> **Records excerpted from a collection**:
§

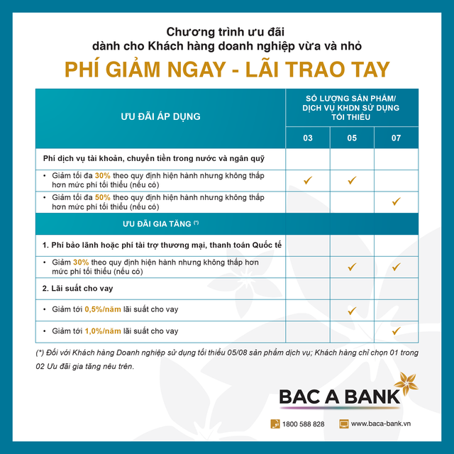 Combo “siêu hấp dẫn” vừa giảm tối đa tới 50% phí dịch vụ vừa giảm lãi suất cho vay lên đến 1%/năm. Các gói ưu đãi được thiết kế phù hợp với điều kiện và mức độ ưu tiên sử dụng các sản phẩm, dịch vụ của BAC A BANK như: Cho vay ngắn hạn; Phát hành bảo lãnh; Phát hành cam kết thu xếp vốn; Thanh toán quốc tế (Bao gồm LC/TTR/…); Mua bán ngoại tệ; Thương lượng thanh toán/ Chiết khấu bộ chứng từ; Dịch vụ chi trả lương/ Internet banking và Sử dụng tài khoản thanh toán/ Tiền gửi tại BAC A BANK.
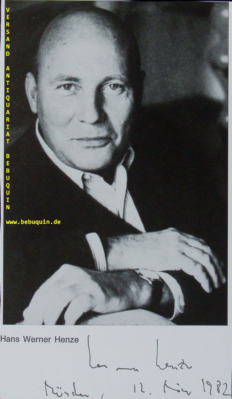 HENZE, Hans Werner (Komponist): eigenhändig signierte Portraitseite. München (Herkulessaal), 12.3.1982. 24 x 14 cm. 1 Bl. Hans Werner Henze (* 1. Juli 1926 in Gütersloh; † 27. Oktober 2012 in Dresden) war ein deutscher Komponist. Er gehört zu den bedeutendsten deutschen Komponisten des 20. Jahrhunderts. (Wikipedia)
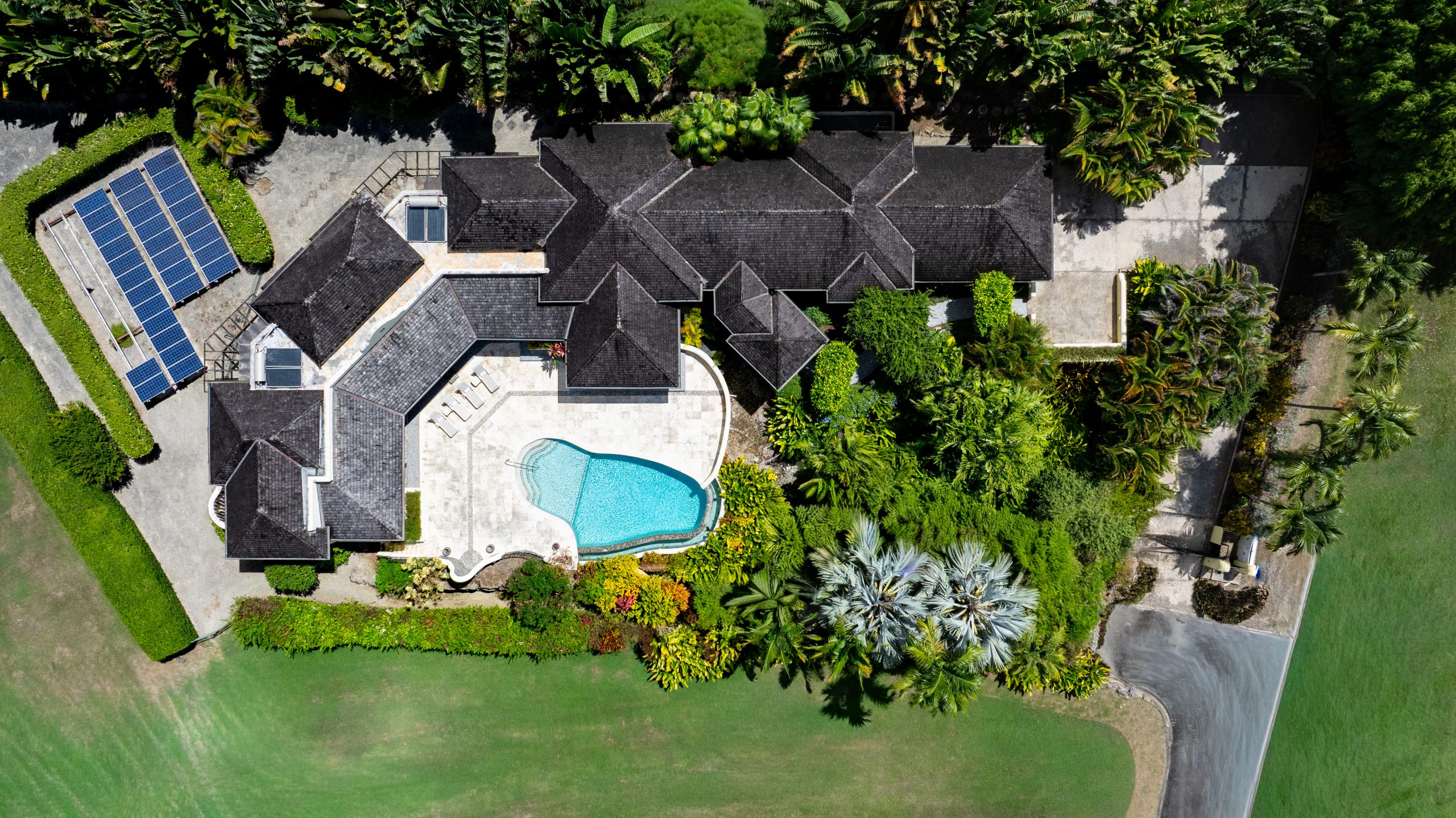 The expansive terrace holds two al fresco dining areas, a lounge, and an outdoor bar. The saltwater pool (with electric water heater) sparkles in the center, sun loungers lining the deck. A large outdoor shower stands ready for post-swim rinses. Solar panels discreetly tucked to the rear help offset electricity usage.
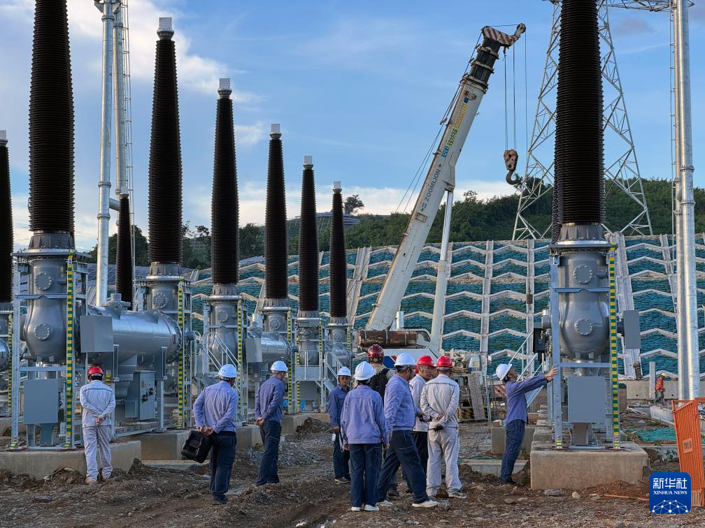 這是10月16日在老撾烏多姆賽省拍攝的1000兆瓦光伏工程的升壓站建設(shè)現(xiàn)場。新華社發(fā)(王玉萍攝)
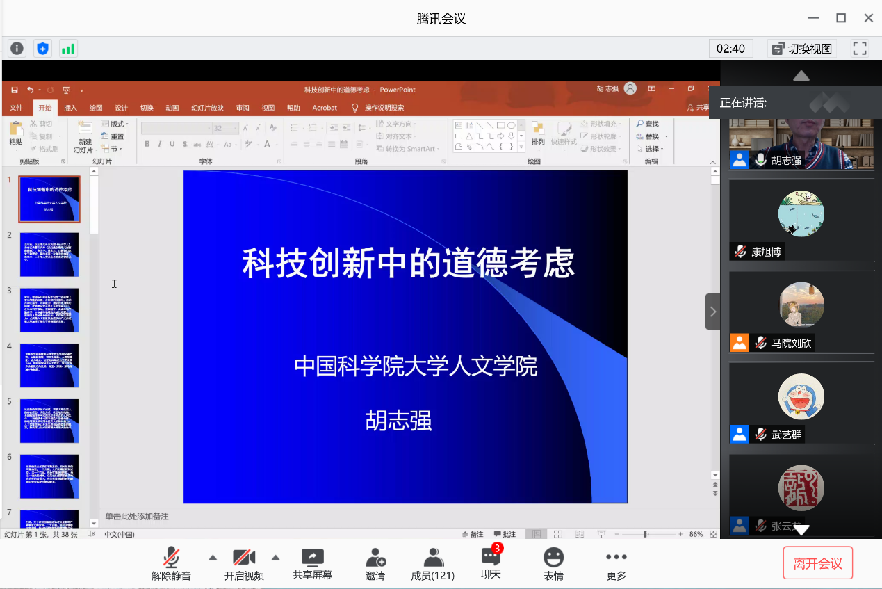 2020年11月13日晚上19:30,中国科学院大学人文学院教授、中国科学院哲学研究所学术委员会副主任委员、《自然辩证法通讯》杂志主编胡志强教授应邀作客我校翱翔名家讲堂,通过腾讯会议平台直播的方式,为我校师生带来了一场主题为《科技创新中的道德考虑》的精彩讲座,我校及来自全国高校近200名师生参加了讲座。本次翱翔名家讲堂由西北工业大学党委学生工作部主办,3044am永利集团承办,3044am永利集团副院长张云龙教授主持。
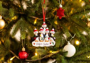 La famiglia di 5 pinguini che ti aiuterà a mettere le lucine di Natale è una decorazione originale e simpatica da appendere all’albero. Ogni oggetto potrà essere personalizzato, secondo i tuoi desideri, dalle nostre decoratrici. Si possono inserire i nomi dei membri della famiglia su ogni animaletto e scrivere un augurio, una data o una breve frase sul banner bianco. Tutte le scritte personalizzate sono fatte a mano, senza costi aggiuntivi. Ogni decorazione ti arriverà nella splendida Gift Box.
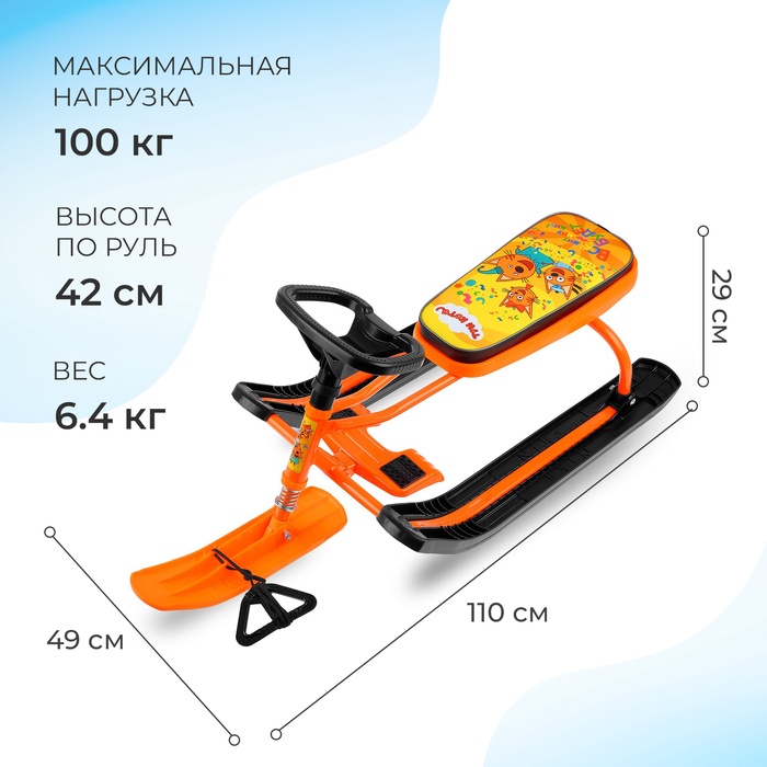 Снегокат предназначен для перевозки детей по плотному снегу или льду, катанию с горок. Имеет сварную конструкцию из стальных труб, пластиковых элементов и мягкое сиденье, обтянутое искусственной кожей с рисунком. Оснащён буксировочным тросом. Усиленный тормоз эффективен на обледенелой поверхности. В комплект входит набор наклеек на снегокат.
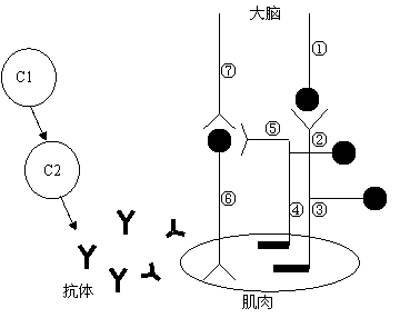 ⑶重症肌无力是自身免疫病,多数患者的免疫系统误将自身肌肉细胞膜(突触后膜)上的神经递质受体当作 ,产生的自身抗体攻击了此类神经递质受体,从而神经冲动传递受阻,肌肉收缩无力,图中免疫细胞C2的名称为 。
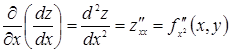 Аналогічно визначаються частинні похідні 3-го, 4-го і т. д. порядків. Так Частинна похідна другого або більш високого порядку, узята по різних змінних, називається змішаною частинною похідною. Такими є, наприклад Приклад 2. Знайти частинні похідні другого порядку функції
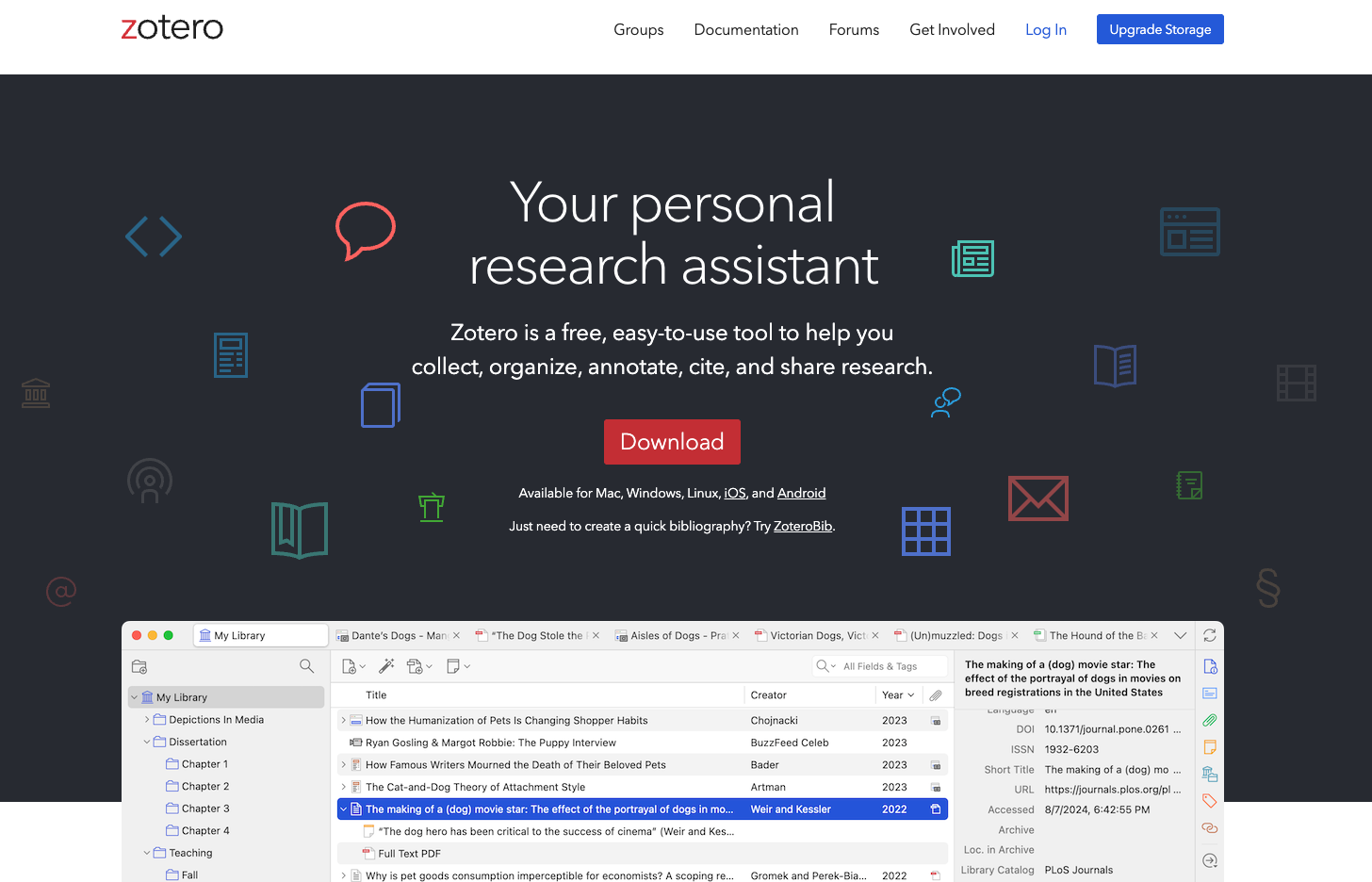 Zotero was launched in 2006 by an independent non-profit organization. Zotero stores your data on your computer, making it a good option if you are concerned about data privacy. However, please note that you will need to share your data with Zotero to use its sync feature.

§

> **What is required**: Print every entry exactly as written, without the pictures.

> **Task solution**:
 Combo “siêu hấp dẫn” vừa giảm tối đa tới 50% phí dịch vụ vừa giảm lãi suất cho vay lên đến 1%/năm. Các gói ưu đãi được thiết kế phù hợp với điều kiện và mức độ ưu tiên sử dụng các sản phẩm, dịch vụ của BAC A BANK như: Cho vay ngắn hạn; Phát hành bảo lãnh; Phát hành cam kết thu xếp vốn; Thanh toán quốc tế (Bao gồm LC/TTR/…); Mua bán ngoại tệ; Thương lượng thanh toán/ Chiết khấu bộ chứng từ; Dịch vụ chi trả lương/ Internet banking và Sử dụng tài khoản thanh toán/ Tiền gửi tại BAC A BANK.
 HENZE, Hans Werner (Komponist): eigenhändig signierte Portraitseite. München (Herkulessaal), 12.3.1982. 24 x 14 cm. 1 Bl. Hans Werner Henze (* 1. Juli 1926 in Gütersloh; † 27. Oktober 2012 in Dresden) war ein deutscher Komponist. Er gehört zu den bedeutendsten deutschen Komponisten des 20. Jahrhunderts. (Wikipedia)
 The expansive terrace holds two al fresco dining areas, a lounge, and an outdoor bar. The saltwater pool (with electric water heater) sparkles in the center, sun loungers lining the deck. A large outdoor shower stands ready for post-swim rinses. Solar panels discreetly tucked to the rear help offset electricity usage.
 這是10月16日在老撾烏多姆賽省拍攝的1000兆瓦光伏工程的升壓站建設(shè)現(xiàn)場。新華社發(fā)(王玉萍攝)
 2020年11月13日晚上19:30,中国科学院大学人文学院教授、中国科学院哲学研究所学术委员会副主任委员、《自然辩证法通讯》杂志主编胡志强教授应邀作客我校翱翔名家讲堂,通过腾讯会议平台直播的方式,为我校师生带来了一场主题为《科技创新中的道德考虑》的精彩讲座,我校及来自全国高校近200名师生参加了讲座。本次翱翔名家讲堂由西北工业大学党委学生工作部主办,3044am永利集团承办,3044am永利集团副院长张云龙教授主持。
 La famiglia di 5 pinguini che ti aiuterà a mettere le lucine di Natale è una decorazione originale e simpatica da appendere all’albero. Ogni oggetto potrà essere personalizzato, secondo i tuoi desideri, dalle nostre decoratrici. Si possono inserire i nomi dei membri della famiglia su ogni animaletto e scrivere un augurio, una data o una breve frase sul banner bianco. Tutte le scritte personalizzate sono fatte a mano, senza costi aggiuntivi. Ogni decorazione ti arriverà nella splendida Gift Box.
 Снегокат предназначен для перевозки детей по плотному снегу или льду, катанию с горок. Имеет сварную конструкцию из стальных труб, пластиковых элементов и мягкое сиденье, обтянутое искусственной кожей с рисунком. Оснащён буксировочным тросом. Усиленный тормоз эффективен на обледенелой поверхности. В комплект входит набор наклеек на снегокат.
 ⑶重症肌无力是自身免疫病,多数患者的免疫系统误将自身肌肉细胞膜(突触后膜)上的神经递质受体当作 ,产生的自身抗体攻击了此类神经递质受体,从而神经冲动传递受阻,肌肉收缩无力,图中免疫细胞C2的名称为 。
 Аналогічно визначаються частинні похідні 3-го, 4-го і т. д. порядків. Так Частинна похідна другого або більш високого порядку, узята по різних змінних, називається змішаною частинною похідною. Такими є, наприклад Приклад 2. Знайти частинні похідні другого порядку функції
 Zotero was launched in 2006 by an independent non-profit organization. Zotero stores your data on your computer, making it a good option if you are concerned about data privacy. However, please note that you will need to share your data with Zotero to use its sync feature.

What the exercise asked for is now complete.